Accepts Healthy Volunteers?

Details

Lead Sponsor:

Oncolytics Biotech

Treatments:

Cisplatin
Gemcitabine

Criteria

Inclusion Criteria:

- Histologically and clinically confirmed muscle-invasive bladder cancer (T2-4) with or
without pelvic lymph nodes involvement (N1-2) in Stage III and IV (M0).

- ECOG performance status ≤2.

- Adequate liver function with a bilirubin within normal limits. Transaminases up to 3 x
ULN (Grade 1) and alkaline phosphatase may be up to 2.5 x ULN (Grade 1).

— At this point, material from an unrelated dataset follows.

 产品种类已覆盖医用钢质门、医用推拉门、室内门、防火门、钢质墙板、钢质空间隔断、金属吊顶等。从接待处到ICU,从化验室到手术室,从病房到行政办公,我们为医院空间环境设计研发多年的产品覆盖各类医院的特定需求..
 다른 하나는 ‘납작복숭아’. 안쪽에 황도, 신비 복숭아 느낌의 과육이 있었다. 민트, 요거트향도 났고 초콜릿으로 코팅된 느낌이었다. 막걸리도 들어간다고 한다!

- Adequate bone marrow function, as defined by neutrophils count of ≥1,500/mm3, and
platelet count ≥100,000/ mm3.

- Adequate renal function (serum creatinine ≤1.5 times the ULN).

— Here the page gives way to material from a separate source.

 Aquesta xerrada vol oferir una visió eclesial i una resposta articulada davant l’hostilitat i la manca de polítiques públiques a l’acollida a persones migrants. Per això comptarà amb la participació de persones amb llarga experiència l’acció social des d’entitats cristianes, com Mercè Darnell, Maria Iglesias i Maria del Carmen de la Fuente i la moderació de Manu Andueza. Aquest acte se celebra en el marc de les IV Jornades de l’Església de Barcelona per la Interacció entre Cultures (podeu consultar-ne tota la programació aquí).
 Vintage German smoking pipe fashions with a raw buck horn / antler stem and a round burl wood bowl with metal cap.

- Negative pregnancy test and reliable and appropriate contraceptive method during the
study for a woman of childbearing potential. All female patients of childbearing age
and all male patients with partners of childbearing age should use a reliable method
of contraception, such as the barrier method, throughout the study and for 60 days
after last treatment.

- Informed of the investigational nature of this study and must sign a written informed
consent in accordance with institutional and federal guidelines.

Exclusion Criteria:

- Received any prior therapy for invasive bladder cancer including surgery, radiation
therapy, chemotherapy or any other systemic anti-cancer therapy (prior intravesical
therapy for non-invasive bladder cancer is acceptable including intravesical BCG
and/or mitomycin and interferon).

- Evidence of lymph nodes or other metastatic disease beyond the pelvis (N3 and/or M1).

- Pre-existing immunosuppressive or connective tissue disorders that require immune
suppressive drugs.

- History of HIV or active hepatitis.

- Any serious concurrent illness including; but not limited to, unstable angina
pectoris, uncompensated congestive cardiac failure; myocardial infarct in the previous
6 months; cardiac arrhythmias or psychiatric illness that would limit compliance with
study requirements.

- Pregnant or lactating.

- A history of hypersensitivity to gemcitabine and cisplatin or any component of the
formulation.

- A prior malignancy, other than non-melanoma skin cancer, unless they have completed
therapy at least 5 years prior to start of study and have no evidence of recurrent or
residual disease.

- Unwilling or unable to sign informed consent document.

- In social situations that would limit compliance with study requirements.